Not that he seeks comparisons
with Olivier. Branagh adamantly insists, ``Olivier has always
been an inspiration for me, but also for millions of other actors,
and always will be. If you are interested in classical theater,
you're bound to be doing the same parts as he did. And, if you
want to work in film and try to do what we at Renaissance have
been doing - to build a bridge between what's considered art
and culture and a truly popular medium like the cinema - then
you are, once again, going to cross the same tracks as Olivier.''
The parallels with Olivier are
striking: Having established his acting company, Branagh has
become, like Olivier, an actor-manager. The aim of both was,
in part, to shake up the British theater establishment's rigid
way of doing things. In addition, both men put ``Henry V'' on
film in the dual capacity of auteur and star. And Branagh, like
Olivier, has the knack of inspiring fellow actors and rallying
them around him.
There, however, the similarities
end. Where Olivier cut a dashing, matinee-idol figure, Branagh
is the archetypal common man; while Olivier was the epitome of
Englishness, Branagh is a Belfast-born, working-class lad who,
after his family moved to England when he was nine, spoke with
an accent so thick he was mercilessly ridiculed. That accent
is now all but gone.
British actor Richard Briers,
who plays Bardolf in ``Henry V,'' says, ``Kenneth has got the
most extraordinary determination I've ever seen in anyone. I
was with people like Peter O'Toole and Albert Finney at the Royal
Academy of Dramatic Arts many years ago. I mean, they were pretty
determined people, as is proven by their careers; but I've never
seen this quality in a young man so pronounced.''
Branagh ``has a `reputation,'
if you know what I mean, within the business,'' says Mr. Briers,
who will visit the United States with the Renaissance in January.

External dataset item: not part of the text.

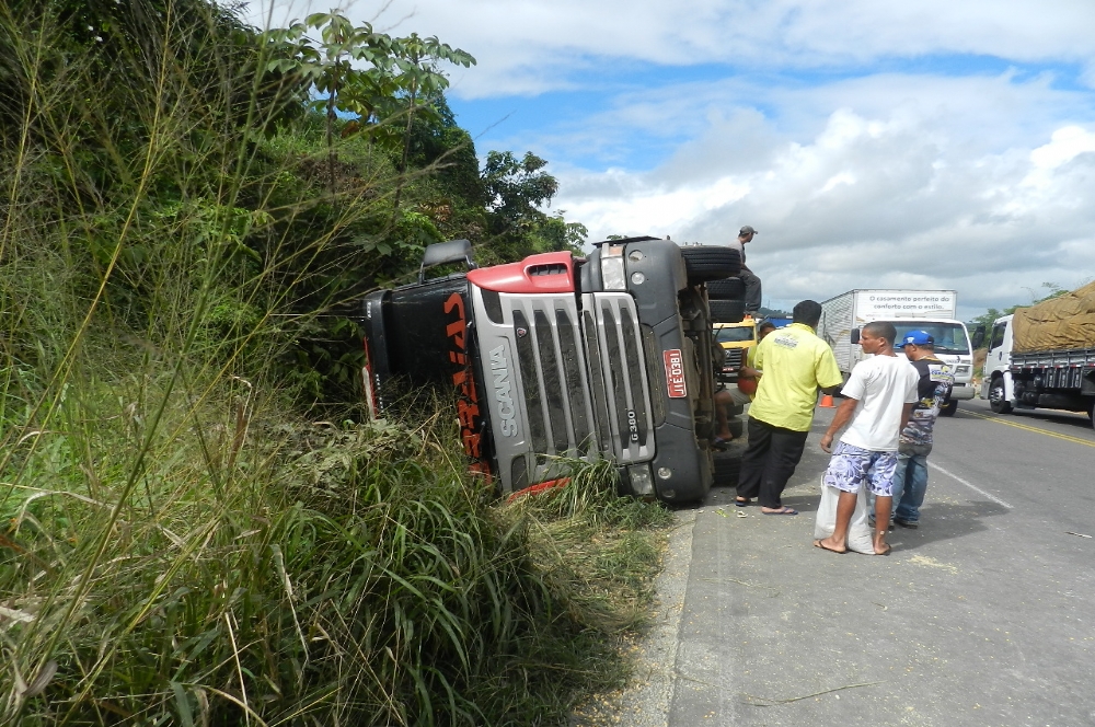 Uma carreta Scania com placa de Brasília tombou na tarde de terça-feira, 25, próximo ao trevo do município de Japaratuba na BR-101. O condutor do veículo não sofreu ferimentos, mas uma criança de oito anos ficou ferida.

``First of all, he's a brilliant
director, not just a very good actor. And he's willing to pick
up the phone and speak to people.''
As for brazenly doing a ``remake''
of ``Henry V,'' Branagh gives the following reasons: Olivier's
film was made during World War II.
It was intended to be a morale
booster for the British people, and some of passages, such as
the traitors' scene (which Branagh has reinstated), were taken
out at the specific request of Winston Churchill, who believed
that anything depicting troubles or dissension within Henry's
army would be, by implication, deleterious to Britain's war effort.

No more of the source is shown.